Judah estaba cansado. El gólem que había creado —tan grande, con tanta rapidez— le había costado mucha energía. Registró el cadáver de la capitana-taumaturga, cuyo gólem plegado había desactivado con tanta facilidad. Se guardó sus cosas: baterías, frascos con productos químicos y piedras cargadas.

Esquivaba la mirada de Cutter.
Está avergonzado
, pensó este.
Por su exhibición
. Judah de pie en la colina, avanzando como un espíritu indignado, infectando los cadáveres con una especie de vida. Judah era un golemista de poder y experiencia extraordinarios: desde que la Guerra de los Constructos obligara a los ricos a sustituir sus sirvientes a vapor, sus conocimientos lo habían hecho rico. Pero Cutter nunca había visto a Judah Low reconocer su poder ni hacer ostentación de él hasta el nacimiento de aquel gigante hecho de cadáveres.
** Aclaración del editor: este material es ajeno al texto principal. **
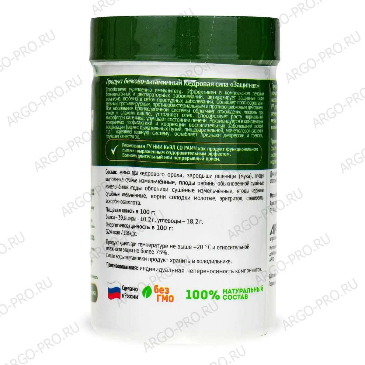 Состав: Жмых ядра кедрового ореха; зародыши пшеницы (мука); плоды шиповника сушёные измельчённые; плоды рябины обыкновенной сушёные измельчённые; фруктоза; ягоды облепихи сушёные измельчённые; ягоды черники сушёные измельчённые; корни солодки молотые; аскорбиновая кислота. Пищевая ценность: 100 г продукта: белки – 37,54 г; жиры – 22,29 г; углеводы – 28,67 г. Энергетическая ценность: 100 г продукта: 243,20 ккал / 1018,23 кДж.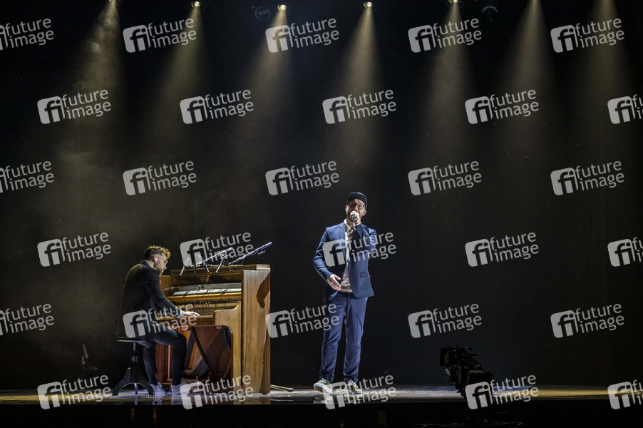 Daniel Nitt und Mark Forster bei der Aufzeichnung der TV-Show 'MDR Sputnik präsentiert: Friends of Mark Forster' im Carl-Maria-von-Weber-Theater. Bernburg, 07.12.2021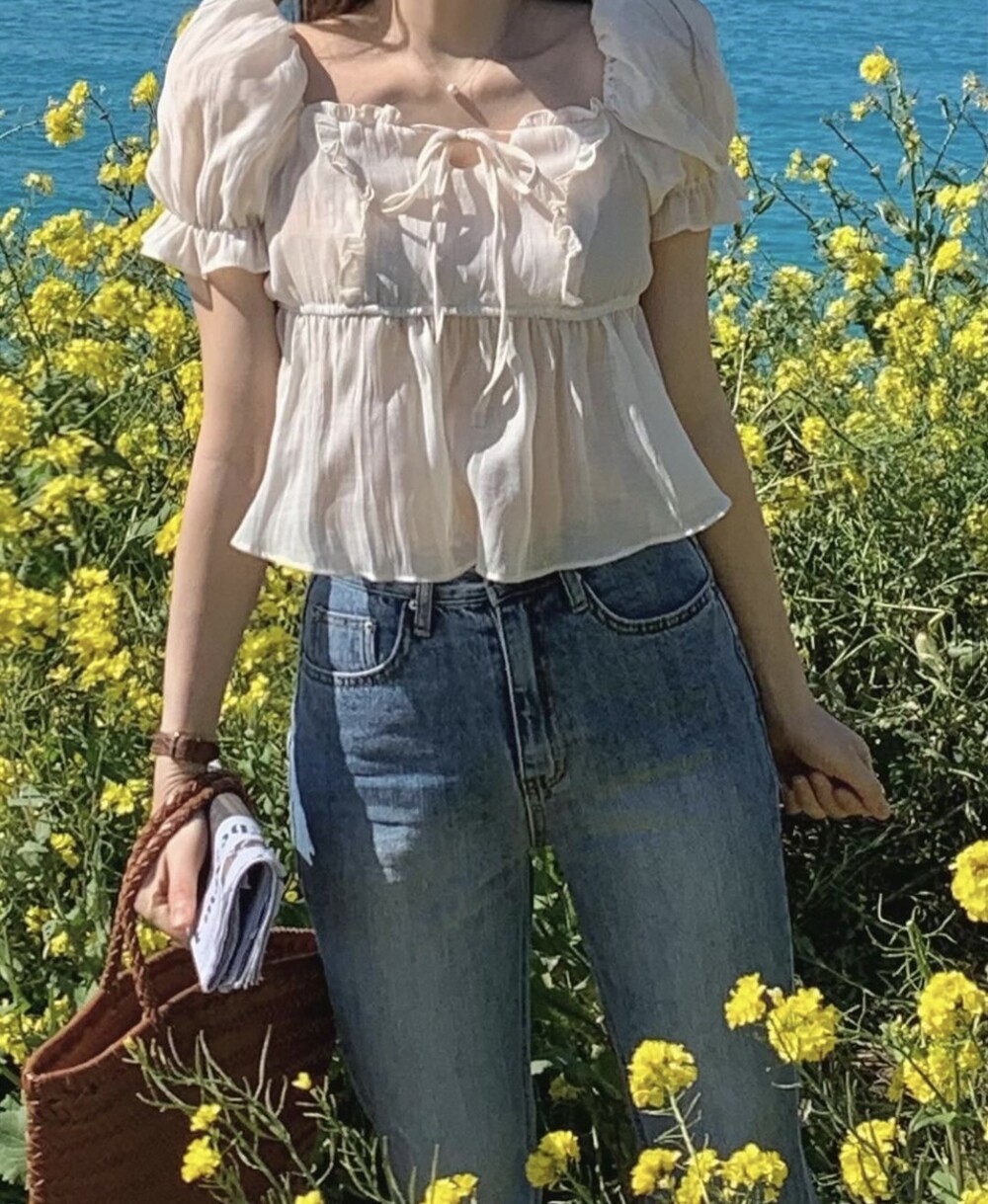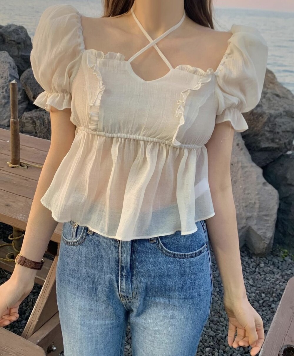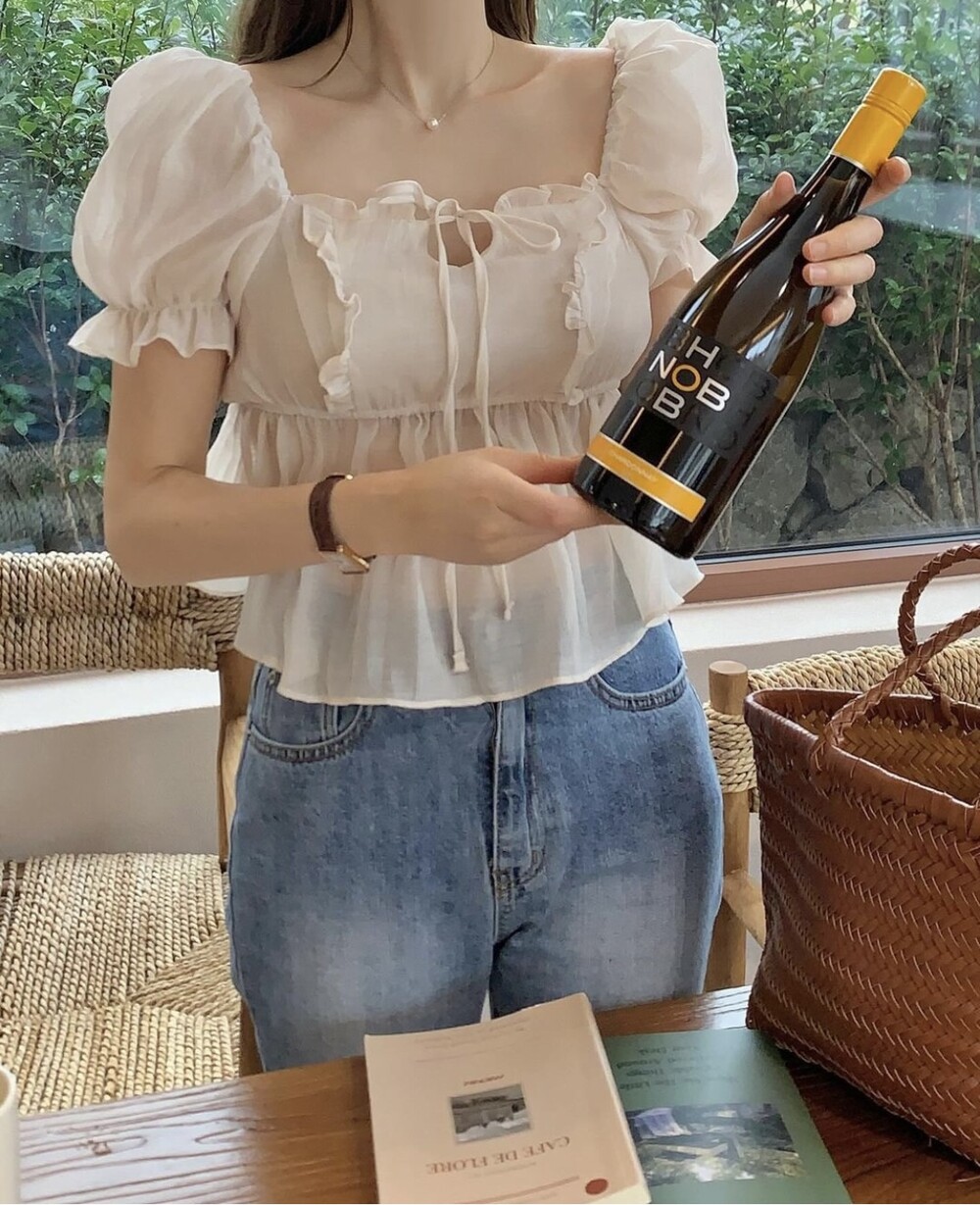 셔링 주름 프릴 리본 밴딩 숏 반팔 여신 블라우스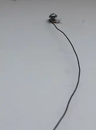 4. Meça e corte o arame de acordo com a altura que você deseja para seu jardim vertical. Insira a arruela no parafuso e enrosque a extremidade do arame no parafuso (duas a três voltas).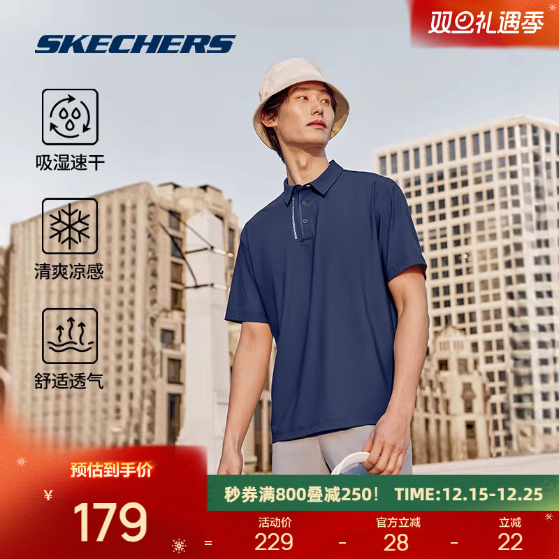 斯凯奇POLO衫男士针织短袖衫速干凉感宽松运动上衣柔软舒适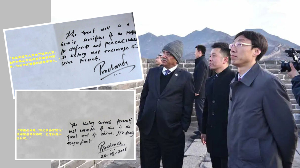 सन् १९५४ अक्टोबरमा चिनियाँ प्रधानमन्त्री चौ एनलाईले भारतीय प्रधानमन्त्री जवाहरलाल नेहरुलाई पातालिङ ग्रेटवालमा चढाएपछि हालसम्म अनेकौं सरकार प्रमुखहरूले त्यहाँ पाइला टेकेका छन्। त्यहाँ पुगेपछि पुस्तिकामा केही शब्द कोरेर संसारका नेताहरूले गहिरो सन्देश प्रवाह गरेका छन्। सन् १९९५ जुलाई यता विभिन्न देशका सरकार प्रमुखबाट कूल २६० भन्दा बढी लेखोटहरू संकलन भएका छन्। विभिन्न ८ वटा शीर्षकमा उनीहरूले भावना पोखेका छन्। मित्रता र शान्तिको पर्याय बनेको ग्रेटवालप्रतिको गहिरो भावना, चिनियाँ प्राचीन संस्कृतिप्रतिको सम्मान, चिनियाँ जनताको बहादुरी, धैर्य र लगनशीलता अनि वर्तमानमा चीनको आत्मविश्वास र दृढता जस्ता विषयलाई मुक्तकण्ठले प्रशंसा गरेको पाइन्छ। यस्तै प्रशंसकमध्ये एक दाहालले पुस्तिकामा लेखेका थिए, ‘इतिहासले वर्तमानको सेवा गर्छ, यस्को उच्चतम उदाहरण चीनको ग्रेटवाल हो। यो वास्तवमै अदभूत छ।’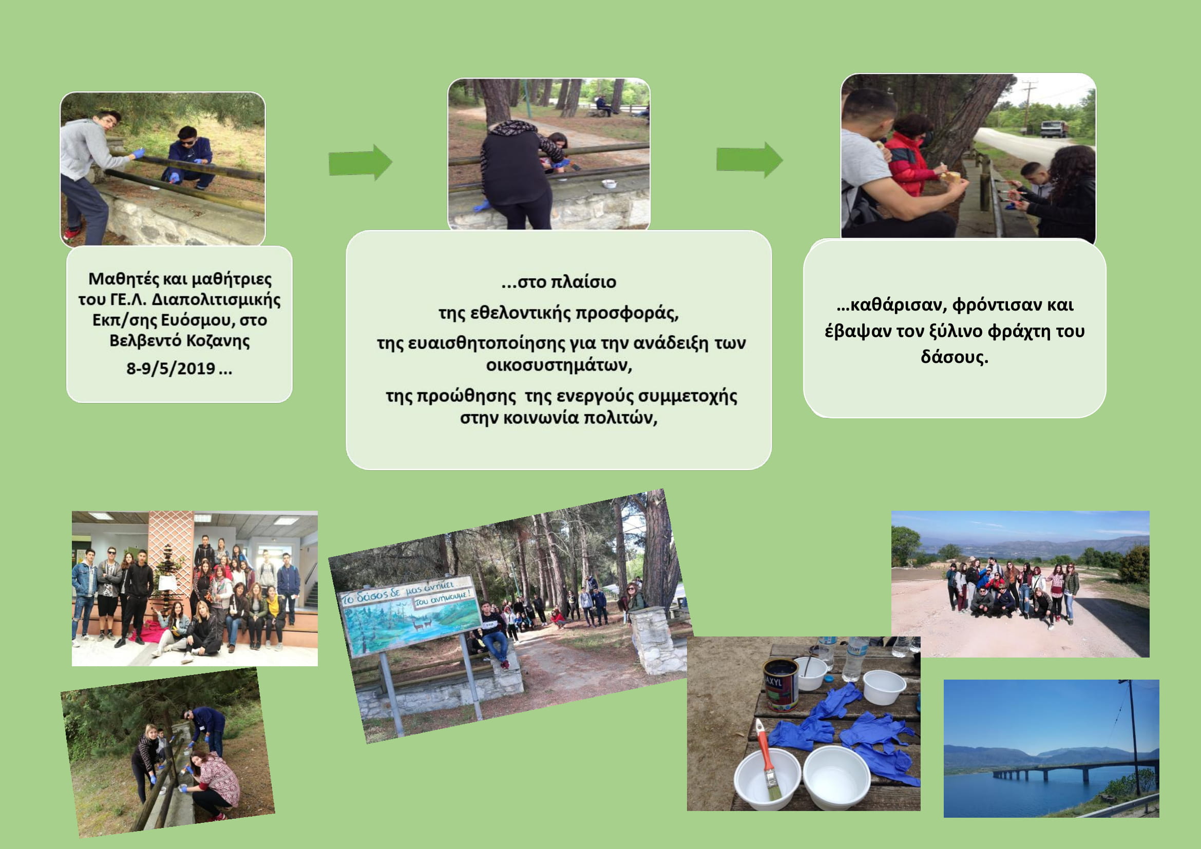 Μαθητές & μαθήτριες του ΓΕ.Λ Διαπολιτισμικής Εκπαίδευσης Ευόσμου, στις 8 και 9 Μαΐου, στο πλαίσιο της εθελοντικής προσφοράς, της ευαισθητοποίησης για την διατήρηση αλλά και την ανάδειξη των οικοσυστημάτων, στο Βελβεντό καθάρισαν, φρόντισαν και έβαψαν τον ξύλινο φράχτη του δάσους. Προσπαθούμε να προωθούμε την ενεργό συμμετοχή στην κοινωνία των πολιτών.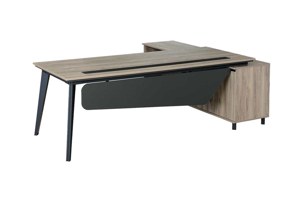Panawe Konsollu Yönetici Masası, modern ofislerin dinamik ihtiyaçlarına cevap veren, akıllıca tasarlanmış bir üründür. Konsol ünitesi, masanın genel yapısını tamamlayarak estetik bir bütünlük sağlarken, aynı zamanda düzenli bir depolama alanı sunar. Masanın temiz çizgileri ve sağlam ayak yapısı, uzun ömürlü bir kullanım vaat eder. Bu konsollu masa, yöneticilere hem geniş bir çalışma alanı hem de kişisel eşyalarını düzenli tutma imkanı sunar. Panawe yönetici masası, minimalist estetiğiyle dikkat çekerken, aynı zamanda güçlü bir duruş sergiler.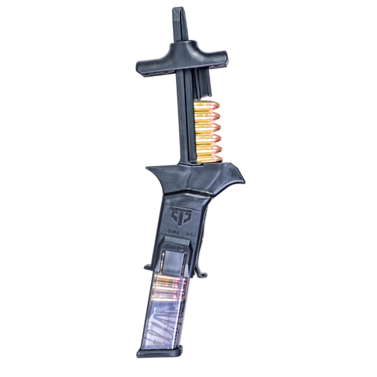 ETS C.A.M Loader loads pistol mags in seconds. It works idealy with 9mm and .40 caliber pistol mags, double or single stack, and also picks up rounds from an ammo tray. The mag loader is constructed of an extremely durable polymer and easily fits in your range bag.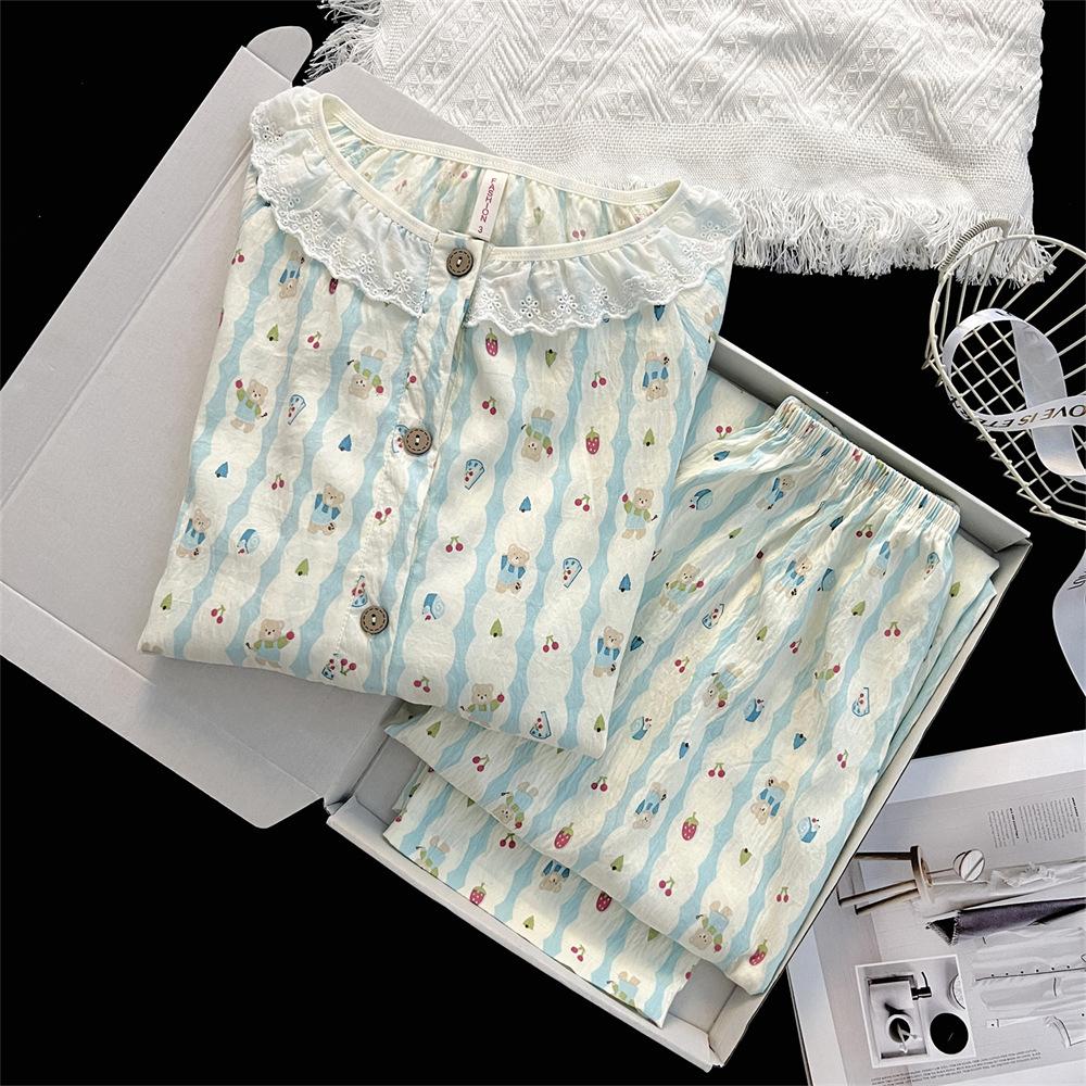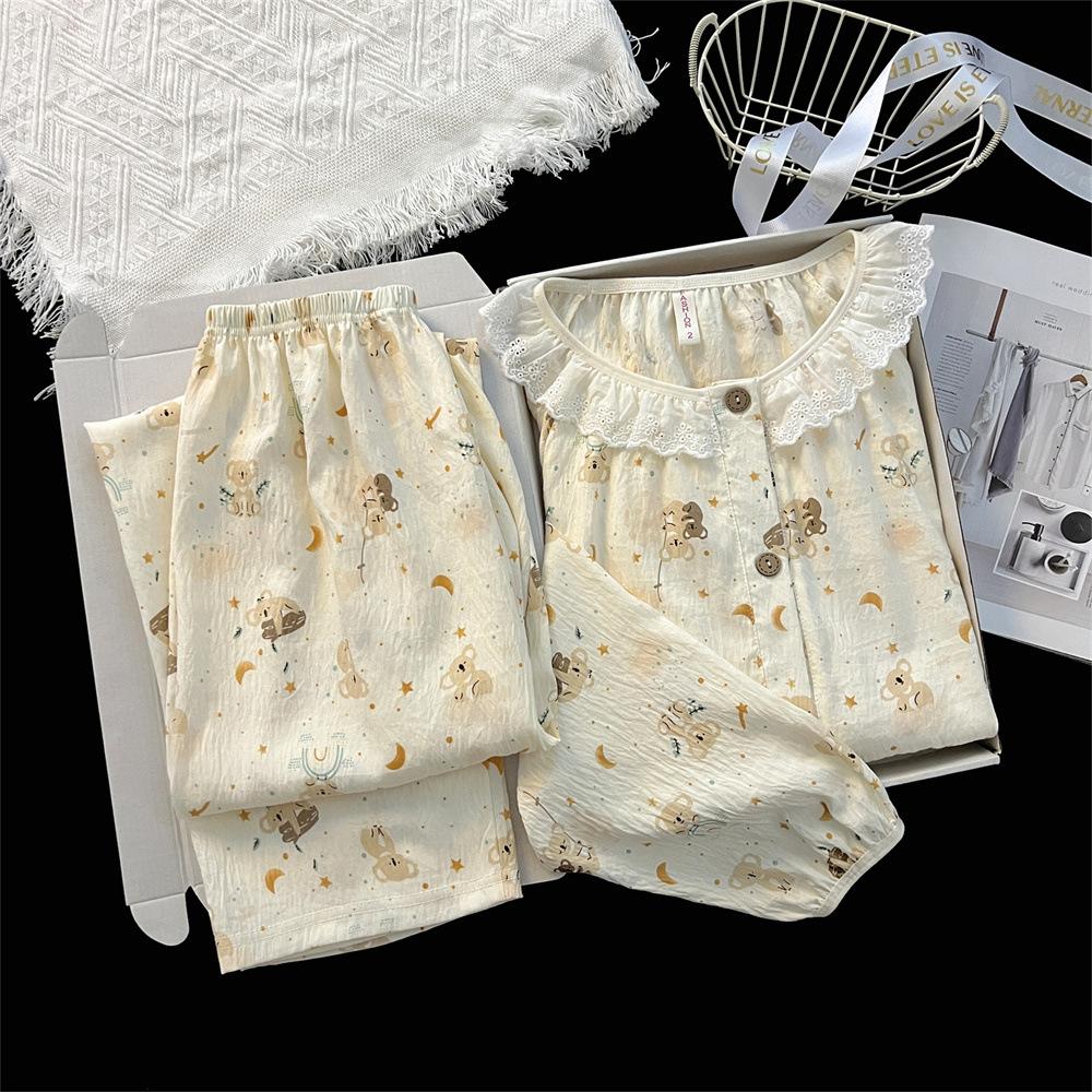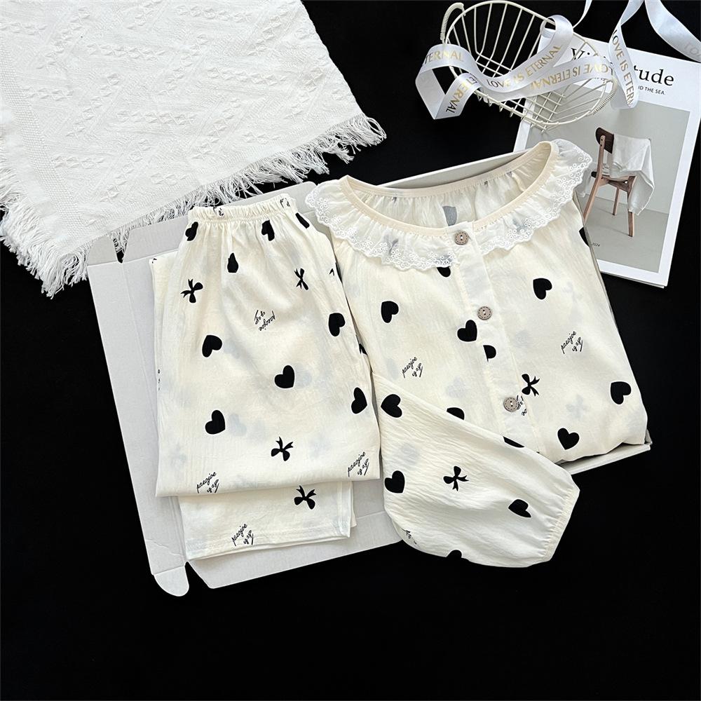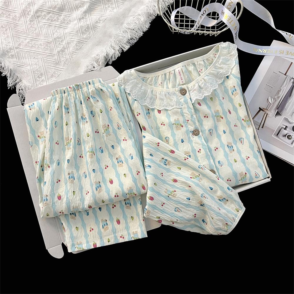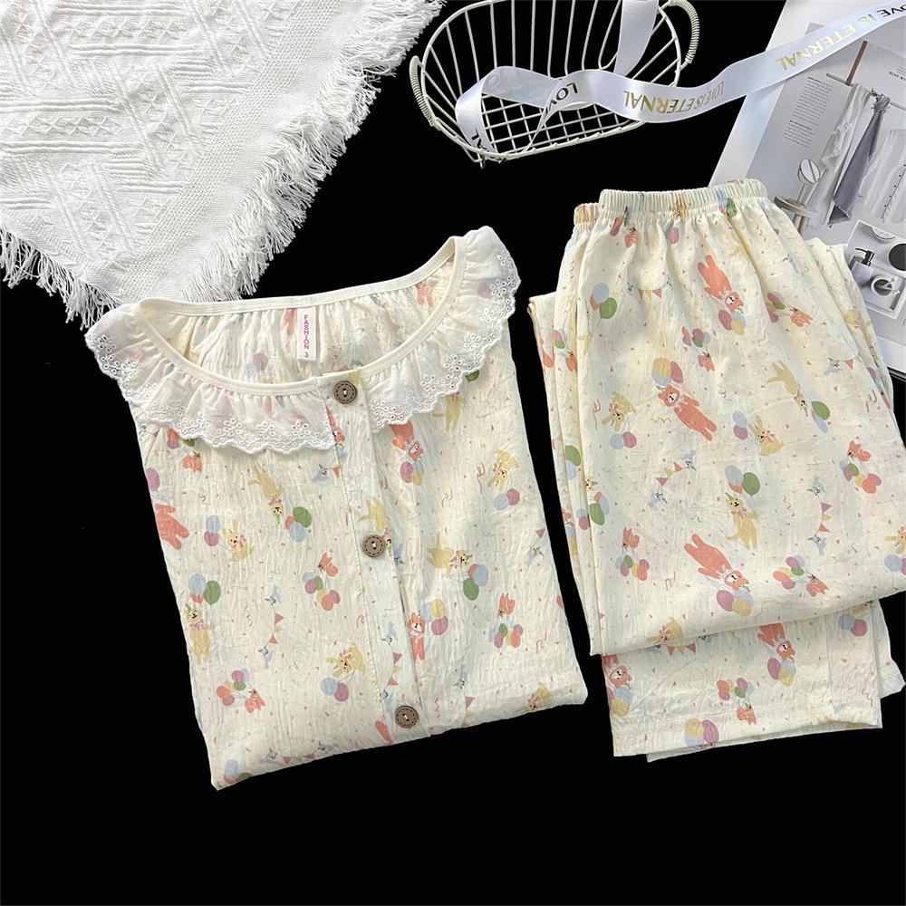 Pijama Delgado de Primavera y Otoño para Mujer Algodón Nube Flores Tridimensionales Manga Larga Pantalón Largo Dulce Niña Conjunto Ropa de Casa

«¿Usas un gólem contra mí?». Con qué facilidad se había inflamado su furia. Ahora, Judah Low estaba tratando de esconderse de nuevo.

Los refugiados estaban observándolos. Eran del pueblo de la quelona. Hombres y mujeres de razas diferentes, vestidos con ropa de asombroso diseño. Había escarabajos grandes como niños que caminaban a dos patas. Los miraban con ojos iridiscentes, con las antenas inclinadas hacia Cutter. Sus muertos tenían los caparazones agrietados y manchados de su propio icor.

Entre los humanos había algunos ataviados con ropa de colores naturales, colores de cazador. Eran más altos que los quelonianos y tenían la piel de un gris más intenso.

—Vinateros —dijo Cutter.

—Dos veces refugiados —dijo Elsie—. Huyendo de la milicia, debieron de refugiarse en la aldea-caparazón, y entonces tuvieron que huir de nuevo.